The variety of methods can be grouped with respect to certain features in order to easily get an idea of what they provide. The grouping criteria and their meanings are explained in Tab. 1.
Tab. 1: Grouping criteria for interpolation methods, short explanation and examples.

Criteria Explanation Example

Scale free vs. scaled A scale free method does not recognize the size of the system. Scale free methods do not distinguish the case where one station is 10m and the other 30m away from the case where one station is 100km and the other is 300km away. However, from an agroclimatical point of view there is a tremendous difference which should be taken into account. Scaled methods often use a scale parameter. If the chosen scale parameter is too large local variations are smoothed out. If it is too small, the information that may be contributed by stations further away is practically ignored. Inverse distance interpolation is scale free. Shepards method is scaled.

Exact vs. smoothing What happens if the target location falls exactly on the location of a station? An exact method would reproduce the observations. Smoothing methods take the observations of other locations into account and lead to a more averaged estimate. Inverse distance interpolation is exact. Modified inverse distance interpolation is smoothing.

Parameter free vs. with parameters If the user has not to provide any parameter to interpolate (and the method does not use built-in parameters) the method is called parameter free. Nearest neighbour interpolation is parameter free.

Continuous vs.dsicontinuous If for any 2 locations the interpolated values converge if the locations converge then the method is called continouos. Nearest neighbour interolation is discontinuous. Global polynomials are continuous.

Local vs. global A method that takes all stations into account for each target location is called global.

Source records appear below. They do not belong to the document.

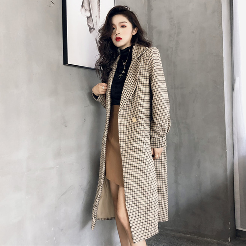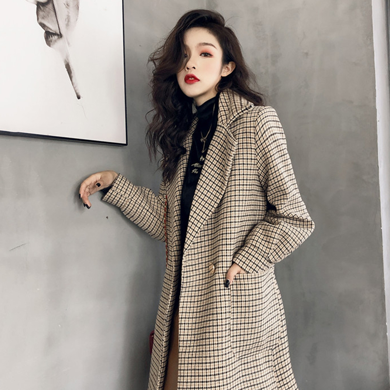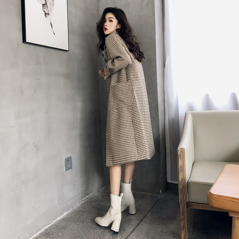 / 復古格子西裝領氣質長款毛呢外套秋冬女裝新款寬松長袖呢子大衣潮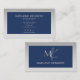 Elegantes Custom Silver Monogram Navy Blue Busines Visitenkarte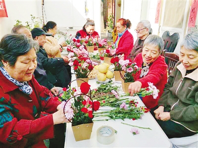 10月23日,源匯區東大街社區組織轄區老人開展重陽節插花活動。
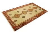 Gabbeh-Teppiche werden von den Nomaden des Stammes der Ghaschghai in der Farsprovinz of Iran geknüpft. Grondmateriaal is afkomstig van met de hand gesponnen Wolle, welche im Anschluss mit natürlichen Farben gefärbt wird, die aus Pflanzen gewonnen wird. Gabbeh heißt auf persisch roh of auch natürlich. Die perfecte Bezeichnung für diese Nomadenteppiche, deren Formsprache auf das Wesentliche reduziert ist. Vaak vinden mensen een eenvoudig Tieroder Pflanzenmotiv, zoals Kamele of Bäume auf dem Teppich. Dit motief is afkomstig van alle geïnspireerde inspiratiebronnen van Nomaden.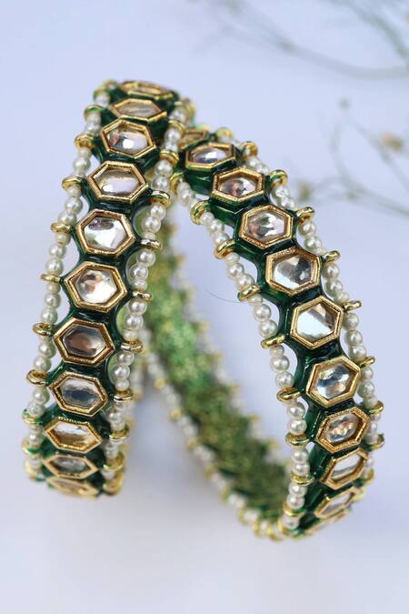 Gold-plated bangle with geometric motifs, encrusted kundan, green enamelling & embellished two-string pearl edges.

If it uses only part of the stations it is more or less local. Each method can be ‘localized’ by limiting the distance of stations to the target location or the number of stations to be used. Nearest neighbour interpolation is the most local.

Extrapolating vs. non-extrapolating A method is called non-extrapolating if the range of interpolated values does not exceed the range of observed values. Kriging is extrapolating, inverse distance averaging not.

Geostatistical Interpolation Methods

Which method is the best?

There is no best method. You have to find the most adequate method with respect to the data given, station density and distribution, geographic conditions, season, degree of temporal integration (i.e. daily, decadal, monthly data) etc.
This is why the geostatistical methods which are available within the CM Box are described here in more detail.

Nearest Neighbour
Scale free, exact, parameter free, discontinuous, local, non-extrapolating
This is by far the simplest method of spatial interpolation. For each grid point the value of the nearest station is taken.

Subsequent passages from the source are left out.